20. Congressional Democrats will have the same option to use ObamaCare that their constituents will have.
This is just disingenuous, which is a nice word for not telling the whole truth. Some variation of this response is normally given by Democrat representatives when confronted at town hall meetings by angry constituents wanting to know that if what their Democrat representatives are proposing with ObamaCare is so good and necessary, will those same representatives commit to changing to ObamaCare from the cadillac, five-star health plan they now have, usually the Federal Employees Health Benefits Program (FEHBP) [which is a system of "managed competition" through which employee health benefits are provided to full-time permanent civilian employees and qualified retirees of the US Government and under which the employer (that would be the US government, with the use of your tax dollars) pays an amount equal to 72 percent of the average plan premium for self-only or family coverage (not to exceed 75 percent of the premium for the selected plan), and the employee (that would be the member of Congress) pays the rest, i.e., 25 to 28 percent]. Not bad, huh? But that response purposefully begs the question anyway. Of course, a member of Congress could select ObamaCare, in whatever form, if any at all, that it finally takes. But that's far different from committing to doing that, instead of keeping the gold-plated, mostly government funded plan you already have and can even keep after you retire -- and which is not even available to most of your constituents (plus continuing to receive the highest annual salary you received, for life).

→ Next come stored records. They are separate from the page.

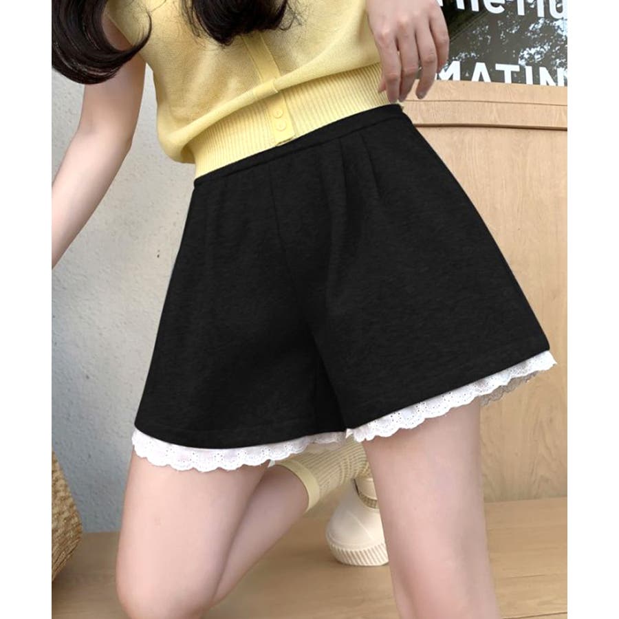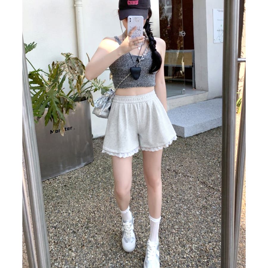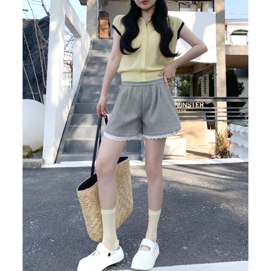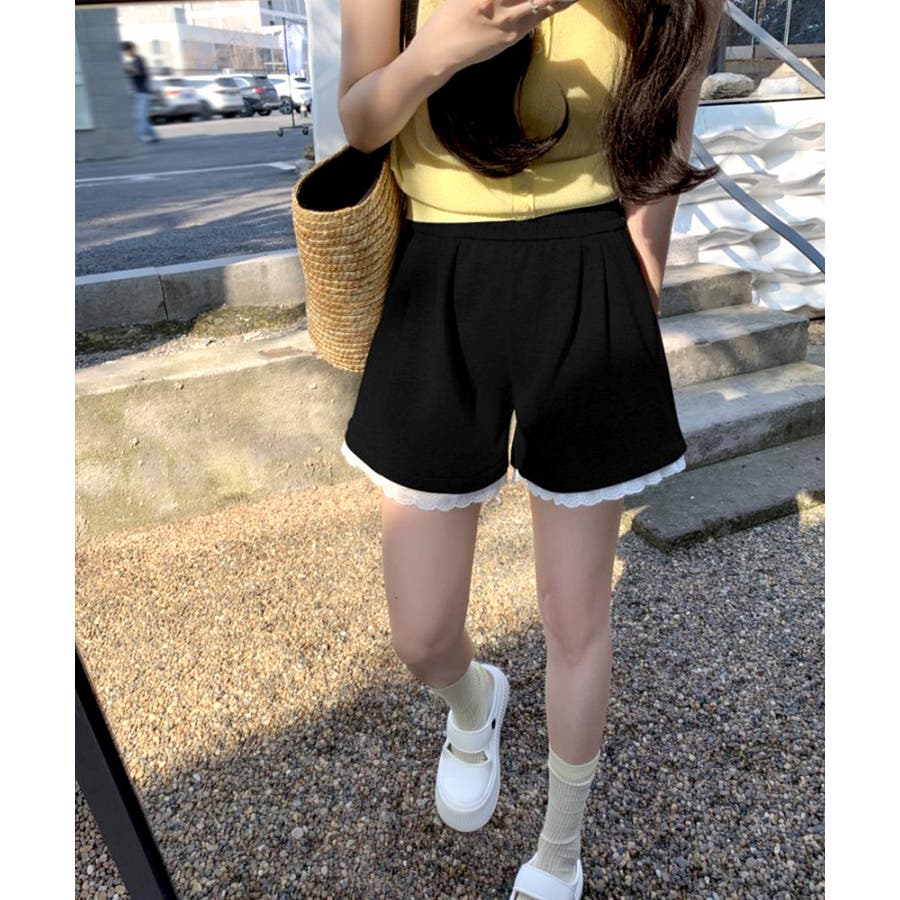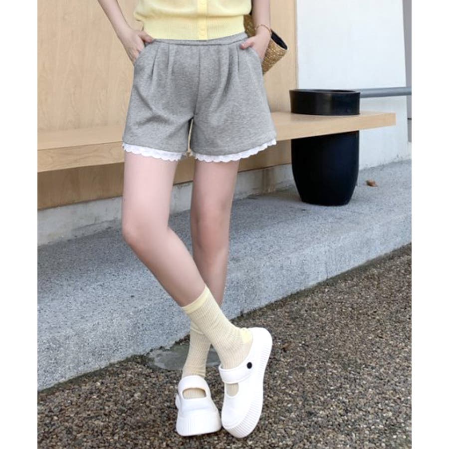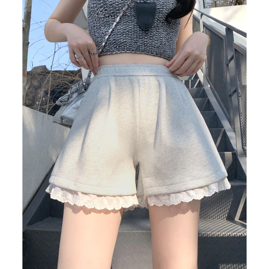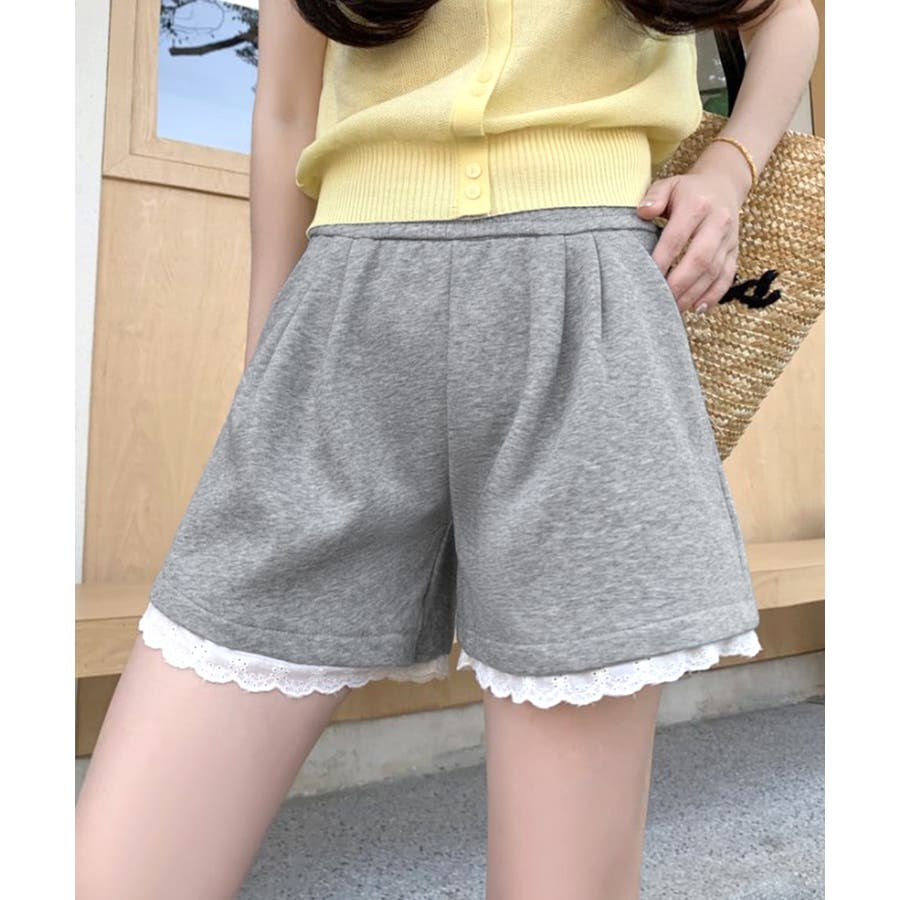 裾レーススウェットショートパンツ 短パン ショート丈
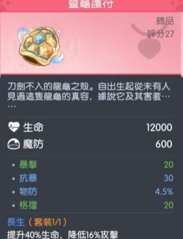 备选方案为灵龟护符。该饰品虽小幅降低攻击力,但提供可观的基础生命值与格挡属性,适用于敌方爆发型角色集中、前排承伤压力陡增的对局场景,显著提升雅典娜的容错空间。此外,在敌方阵容强针对前排或我方缺乏坚实副坦支援时,可切换为生命套装。该套装通过堆叠基础生命上限与对抗属性,增强整体生存韧性,确保关键控制技能(如大招嘲讽)能在决胜时刻稳定释放。需注意:生命套装会略微降低技能释放密度,因此调整前应结合队伍整体控制链完整性及后排保护能力综合判断。
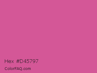 Hex #d45797 Color is a normal rose color and the nearest color is Pink Pantone #d74894. Hex code #d45797 and RGB value is rgb(212,87,151). In RGB color space, this color is composed of 83% red, 34% green, 59% blue, In CMYK color space, this color is composed of 0% cyan, 59% magenta, 29% yellow , 17% black , In HSL color space, this color has a hue angle of 329° , 59% saturation and 59% lightness.
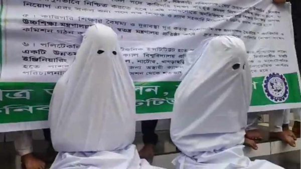 ইমরুল ইসলাম ইমন খুলনার খবর ||৬ দফা দাবি আদায়ে মাথায় সাদা কাপড় বেঁধে ‘কাফন মিছিল’ করেছেন সরকারি ও বেসরকারি পলিটেকনিক
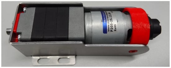 Figure 2 shows one of the three main driving motors used in the APR-02 omnidirectional mobile robot. This BDCM is the model P205-2S.12.64 (145.5 mm), manufactured by Micro Motors SRL (Verderio, Italy). This model is an industrial 12 VDC motor that includes on one side a gearbox with a ratio of 64:1 capable of delivering up to 6 Nm on the output shaft (diameter of 10 mm) and on the other side a low-cost magnetic quadrature encoder attached directly to the motor shaft.
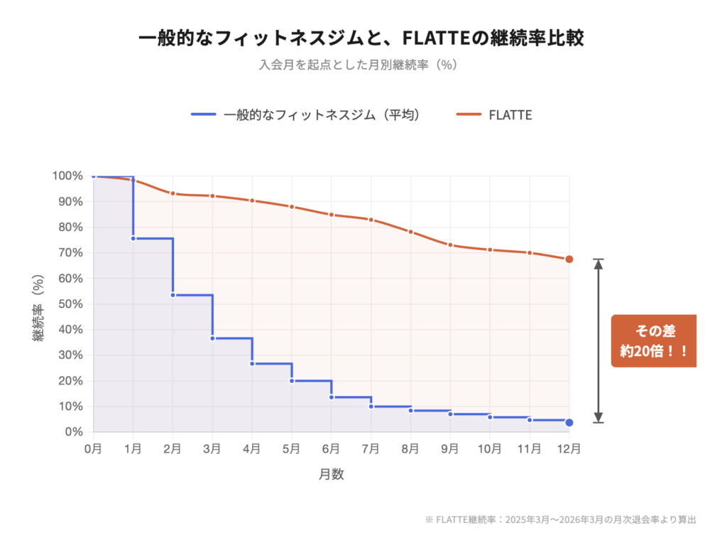 その結果、半年間で入会率は8割を超え、売上および会員数は約2倍に成長し、現在も安定した収益を生む事業として継続的に運営されている。また、FLATTEの継続率は一般的なフィットネスジムを上回り、業界平均では入会から6ヶ月後の継続率が約13%とされる中、同ブランドでは約90%の会員が半年後も継続し、12ヶ月後においての継続率は業界平均(3.7%)と比較して約20倍の差があるとされている。
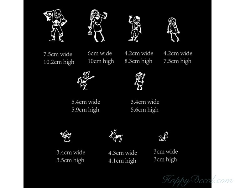 Decals are approx. 4"-1.5" dependent on the "family member".
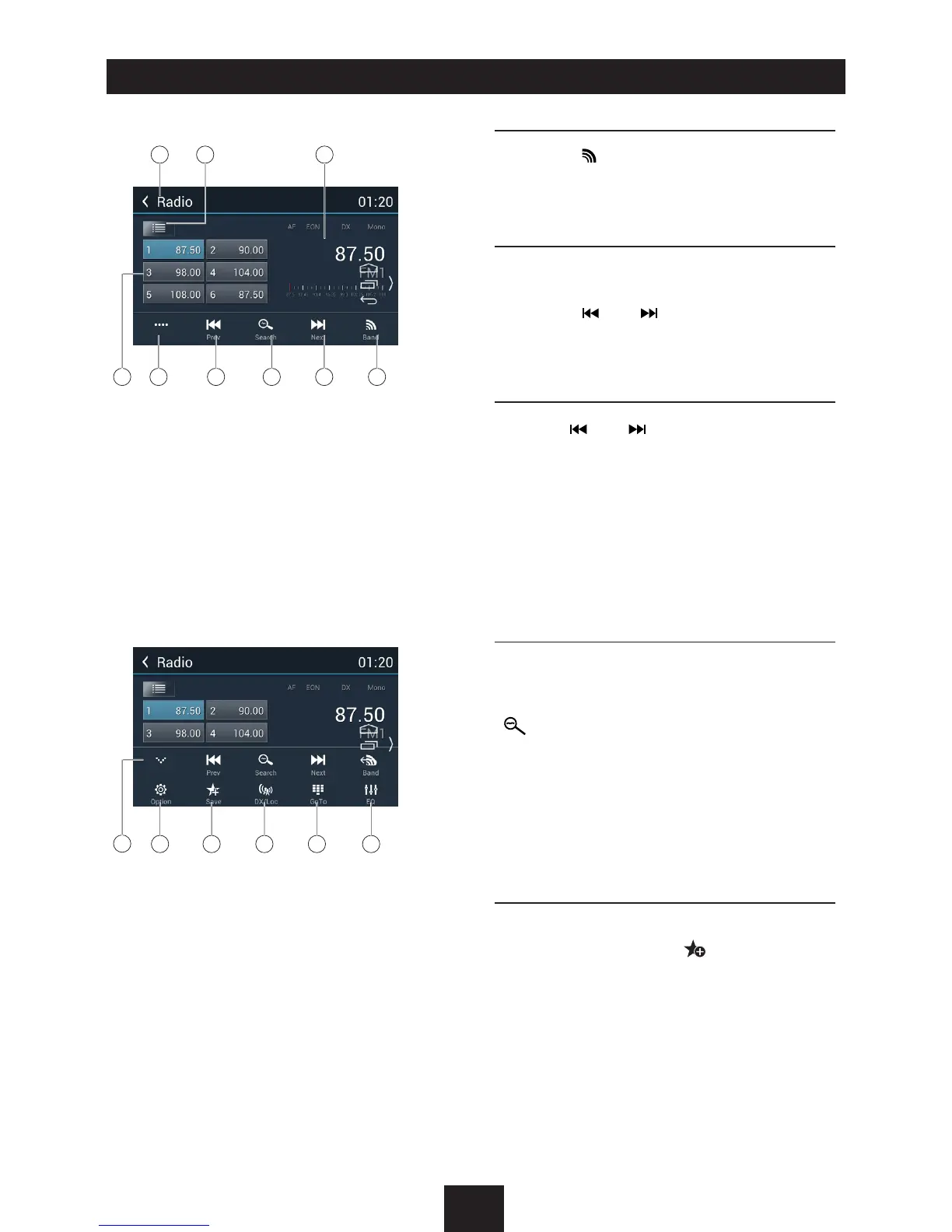 Touch 1~6 to listen to preset station.
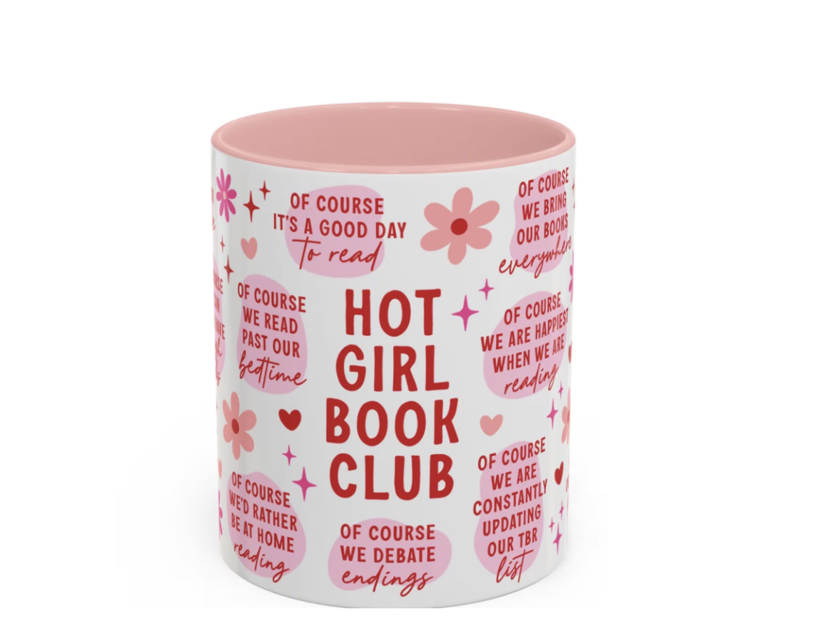 Mugs are one of the go-to gifts for almost any occasion, especially for book lovers. They fit perfectly into the cozy reading lifestyle since many readers love curling up with a book and a warm drink during quiet reading time. This light pink ceramic mug with playful red “Hot Girl Book Club” typography and floral accents adds a fun and confident twist to the usual bookish mug while still feeling cute and aesthetic enough to leave out on a desk or bookshelf. It’s a great gift for girls who embrace the whole “hot girl book club” energy — prioritizing themselves, enjoying their reading time, and treating a quiet night with a good book and a cozy drink like the ultimate form of self-care.
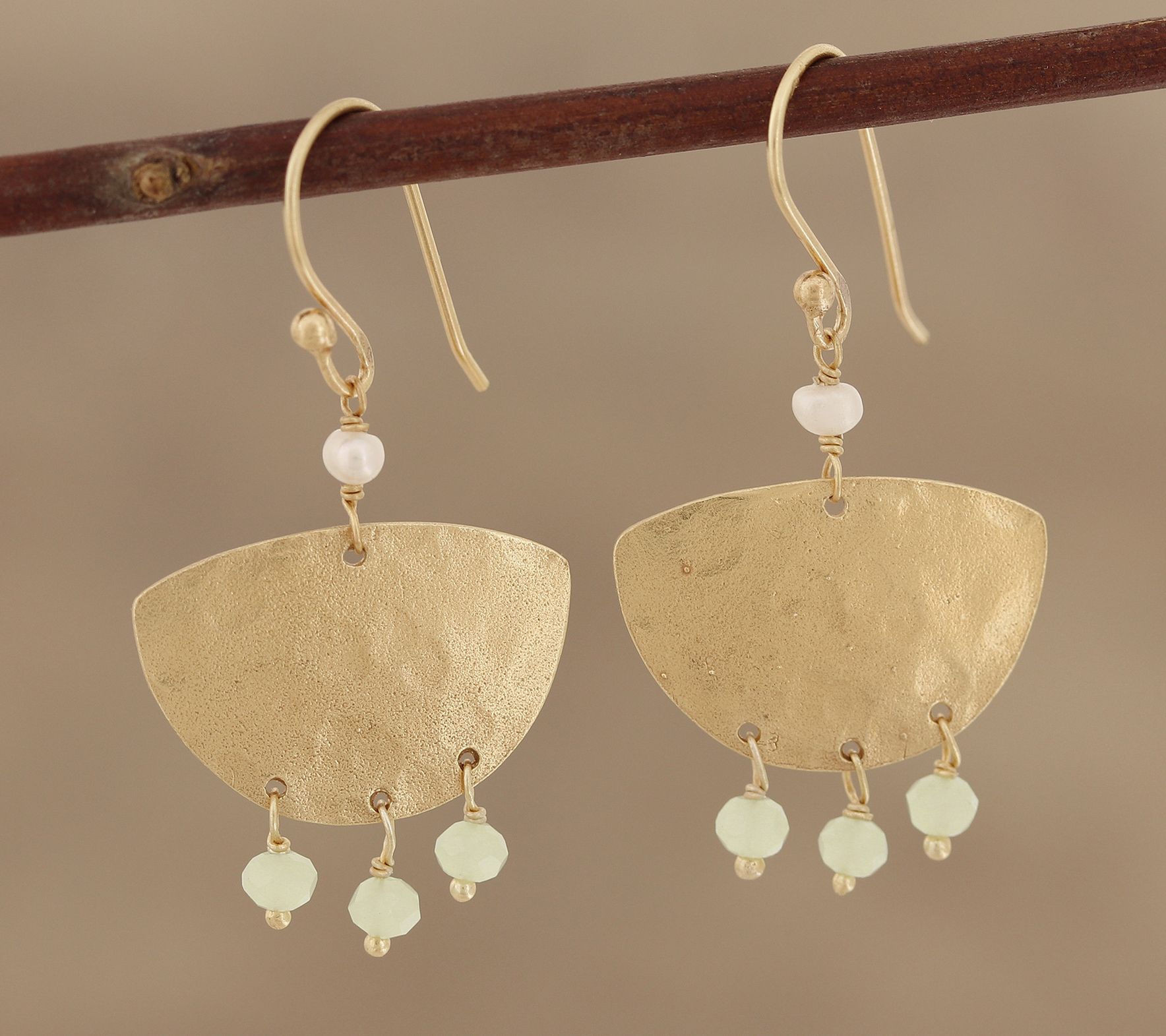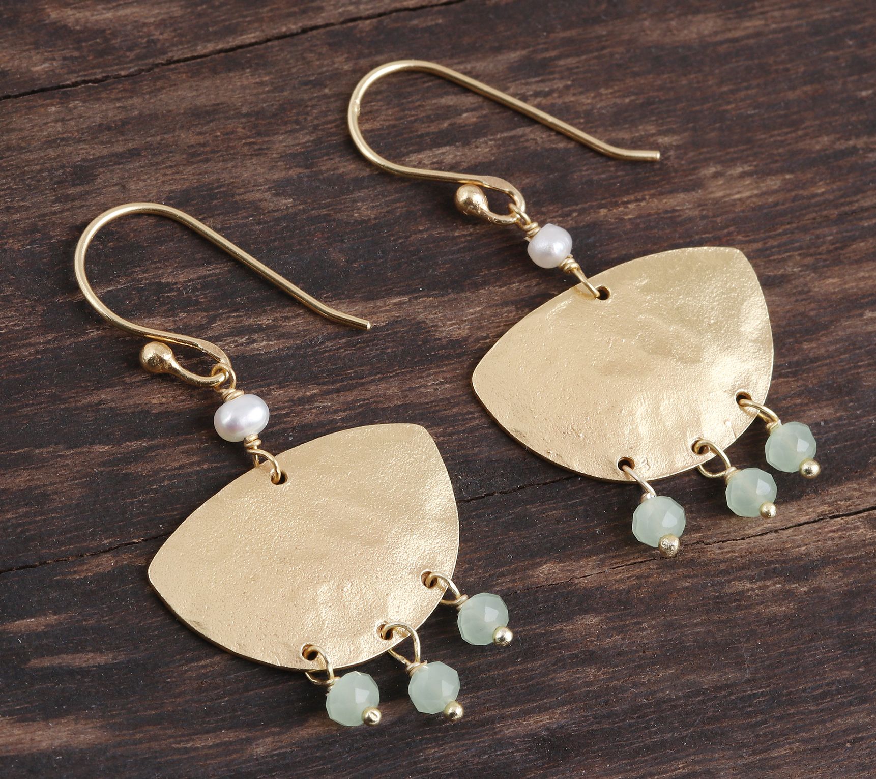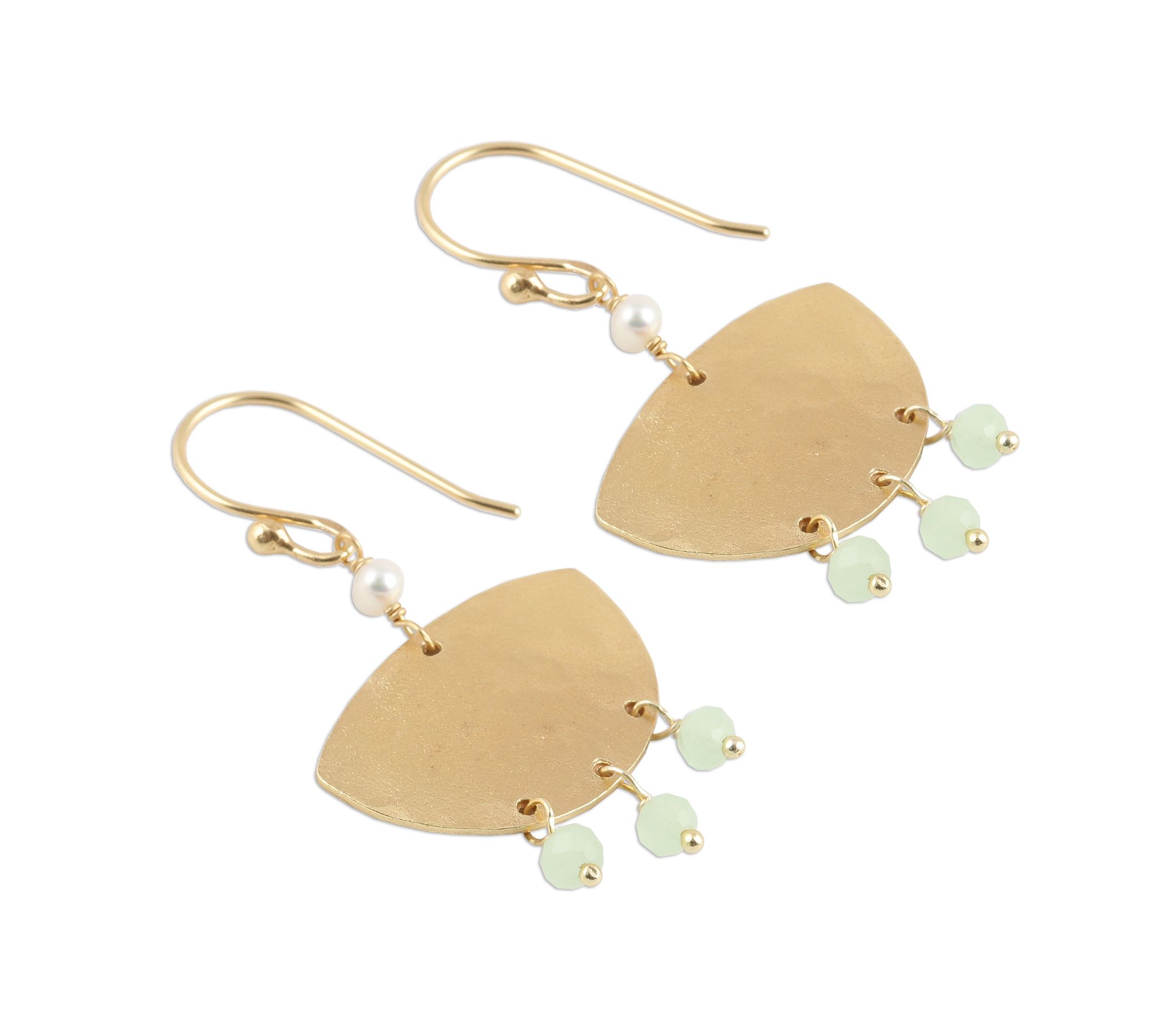 • 3mm cultured freshwater pearls suspended above a 22K gold-plated sterling silver boat shape, with three chalcedony gem accents below
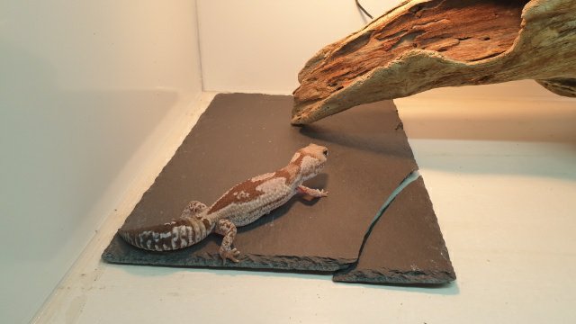 新しく完成したケージに被写体として入ってもらいました。オレオズールーちゃんです。バスキングプレート、ダイソーで200円のものを買ってきたのですが、開けたら割れてました><

21. Tort reform and consumer-patients being able to "shop" for health care insurance across state lines would do more, and more quickly, than anything else to lower health care and health insurance costs.
But, while being able to shop for health insurance like we can now do for other types of insurance may make it into even some Democrat versions of the health care/insurance reform legislation, it's highly doubtful tort reform to reduce frivolous or exorbitant doctor and/or hospital medical malpractice law suits will. As Democrat Howard Dean, former DNC Chairman, recently admitted at a town hall meeting: "When you're trying to change so much about something, you're going to make enemies and you have to be careful about how many enemies you make, or you won't get anything done, and the trial lawyers are a (special interest) group which Democrats just don't want to take on." Or words to that effect.
Well, Howie, you finally said something for a change that I think was not only completely honest but with which I totally agree -- trial lawyers are a mainstay constituency of the Democrat Party which no Democrats want to "take on" -- not even to help all those un- and under-insured folks suffering along with our "broken" health care system out there.
It's a shame, really. Democrats, maybe even with a little "bipartisan" help (and therefore political "cover") from Republicans, could do so much to help so many if they just really meant what they said, instead of actually trying to do something totally different. It's just that Democrats want to use healthscare for a huge government power grab more than they really want to do anything else.
The car that is our health care/insurance system is the best in the world but is too expensive to run now and does need some fine tuning. But the Democrats want to either completely overhaul it or throw it on the junk heap and replace it with a whole new model which may but probably won't work any better, or maybe not as well. That's like getting a small hole in your best-fittin' blue jeans and just throwing them away and getting a new pair, instead of neatly just patching that hole. Wasteful, rash and foolish.